Politics
Photo: Umar Faruq Akinwunmi @alfaruqstories.

#EndSARS protestors pictured with signs reading 'SARS Is Our Enemy.'

Breaking Down Nigeria's #EndSARS Protests and How You Can Help

Across Nigeria, protests have erupted in Lagos, Delta, Abuja, Rivers States and more are still currently organized all to protest the ongoing brutality of the police unit known as SARS.

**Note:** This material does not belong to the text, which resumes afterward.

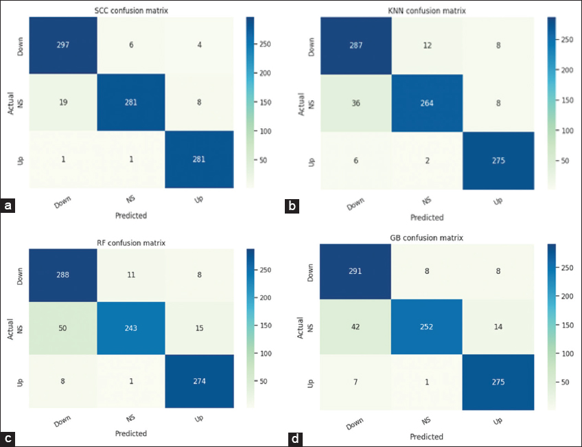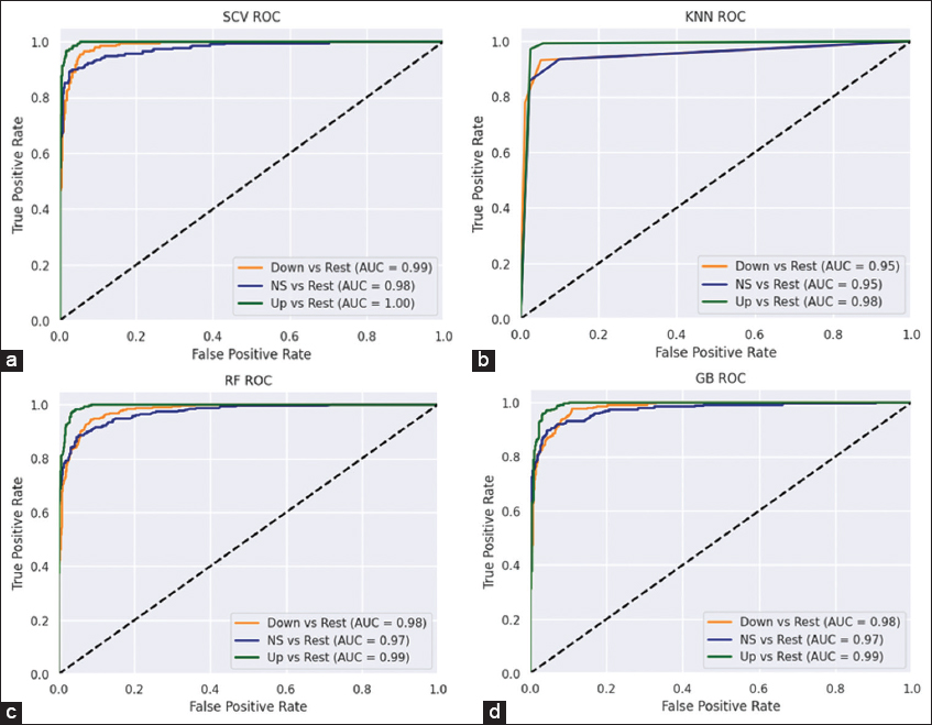 Figure 3d shows the PCA plot between the number of PCs and their explained variance ratio. From the plot, we observe that the first 15 PCs have more than 90% of the explained variance. Table 3 shows the detailed comparison of the performance of various stand-alone ML and other ensemble models with our ensemble SCV classifier. We considered various supervised ML models such as RF, LR, KNN, support vector classifiers (SVC), ensemble models such as GB and extreme gradient boosting (XGB), and a multi-layer perceptron (MLP) model for comparison. The results were shown for three different train-test split categories, and it was observed that our SCV model outperformed in all three categories. The KNN, RF, and GB models are showing the next best performance in terms of accuracy; hence, these models were used as level-1 classifiers in our SCV model. We observed our model performing better with a 65–35 train-test split. The CM (3 × 3) of SCV, KNN, RF, and GB classifiers are shown in Figure 4a-d, respectively. The ROC-AUC curves for SCV, KNN, RF, and GB classifiers are shown in Figure 5a-d, respectively. Each ROC-AUC includes three curves, evaluating each class against other classes using the OvR method. From the figure, our SVC model has the highest area covered under the curve for up versus rest (100%), NS versus rest (98%), and down versus rest (99%).

"We were met with a barricade of armed men and tankers on our way to the office." Conrad Omodiagbe, a 26-year-old writer living in Abuja tells OkayAfrica. "Upon seeing this, we immediately got on our knees to show that despite everything, we came in peace. These men—uniformed police men and not just members of the SARS unit—hosed us down with hot water, fired shots of tear gas into our midst and chased us around town with their vans and guns. It almost felt like a movie. I run a lot but omo it's a different thing when you have to run for your life because there's an actual gun tailing you. I saw them beat several people including a teenage girl with canes."

Omodiagbe was among a group of people who marched to headquarters of the Police Force in Nigeria to protest against the ongoing brutality from SARS—Special Anti-Robbery Unit Squad, a unit of the police that has grown particularly notorious for extorting, harassing and even murdering Nigerian youths. When these groups convened at the headquarters, they were met with large groups of armed men who fired water canons and teargas at them forcing them to run and scatter. When they reconvened, the police fired gun shots at them. The groups scattered and still reconvened, placards in hand and #EndSARS on their lips.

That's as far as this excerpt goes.